When a vaccine is given to the population, factors, such as the medication people are taking, underlying chronic illnesses, age, and how the vaccine is stored and under what conditions the vaccine is administered, can reduce how effective the vaccine is at preventing disease.
How then do we measure effectiveness?
Once the efficacy of a vaccine is determined, measuring its effectiveness is critical to ensuring uptake of the vaccine and to understand how to develop better vaccines.
Therefore, surveillance data is vital to understanding effectiveness, as is immunisation data or capturing data.
This data will cover when people get the vaccine and what proportion of the population in a given country is covered.
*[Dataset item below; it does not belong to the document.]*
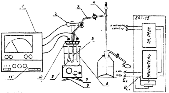 Схема установки для потенциометрического титрования с автоматической фиксацией конечной точки титрования и функциональная схемав БАТ-15 представлены на рис. 3.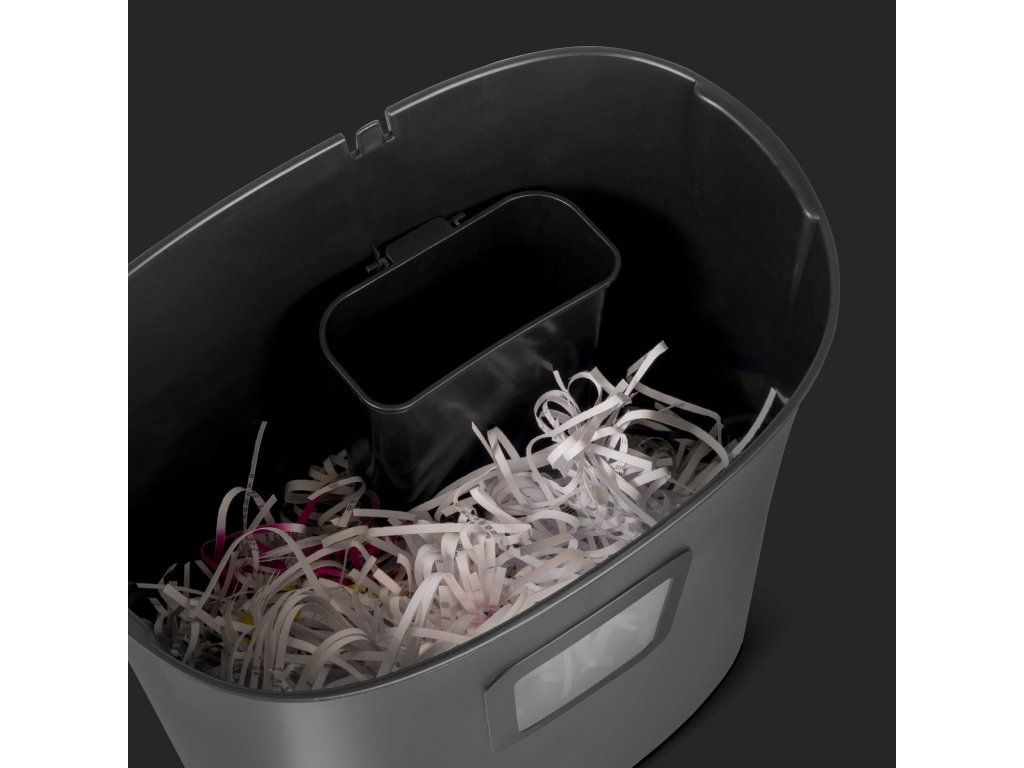 Az iratmegsemmisítő fontos jellemzője a 21 literes tartály, amelynek nagy kapacitása miatt nem kell gyakran ürítenie. Nagy kényelmet jelent a fogantyúval ellátott levehető fej, amely rendkívül egyszerűvé teszi a tartály kiürítését.

The effectiveness of a vaccine is measured in what epidemiologists call observational studies because participants are not randomly assigned to treatment versus a placebo group. For example, case-control studies assess effectiveness by comparing the vaccination status of individuals who develop the disease (cases) with a group of individuals without the disease (controls) who are also representative of the population from which the cases arise. If the vaccine is effective, the cases are more likely to be the unvaccinated individuals.
Vaccines do not always need to have exceptionally high effectiveness to be useful, for example, the influenza vaccine is 40-60% effective and yet saves thousands of lives every year.
What is the situation with available COVID-19 vaccines?
There are approximately 96 COVID-19 vaccines at various stages of clinical development. Presently, interim results of four studies published in scientific journals on the Pfizer, Moderna, AstraZeneca–Oxford and the Gamaleya vaccine exist and only three studies go through the US Food and Drug Administration (FDA) briefing documents on Pfizer, Moderna and Johnson & Johnson.
The efficacy percentage (i.e relative risk reductions) for the Pfizer vaccine is 95%, 94% for the Moderna, 90% for the Gamaleya, 67% for the Johnson and Johnson, and 67% for the AstraZeneca vaccines.
Although attention has focused on vaccine efficacy, fully understanding the efficacy and effectiveness of vaccines is less straightforward than it might seem. Also, the way studies are conducted and results are presented with the use of only Relative Risk Reduction (RRR) omitting Absolute Risk Reduction (ARR), reporting bias is introduced and this affects the interpretation of vaccine efficacy.
It is, therefore, important to have the full picture of what the data actually show to ensure comparisons are based on the combined evidence that puts vaccine trial results in context when communicating about vaccine efficacy.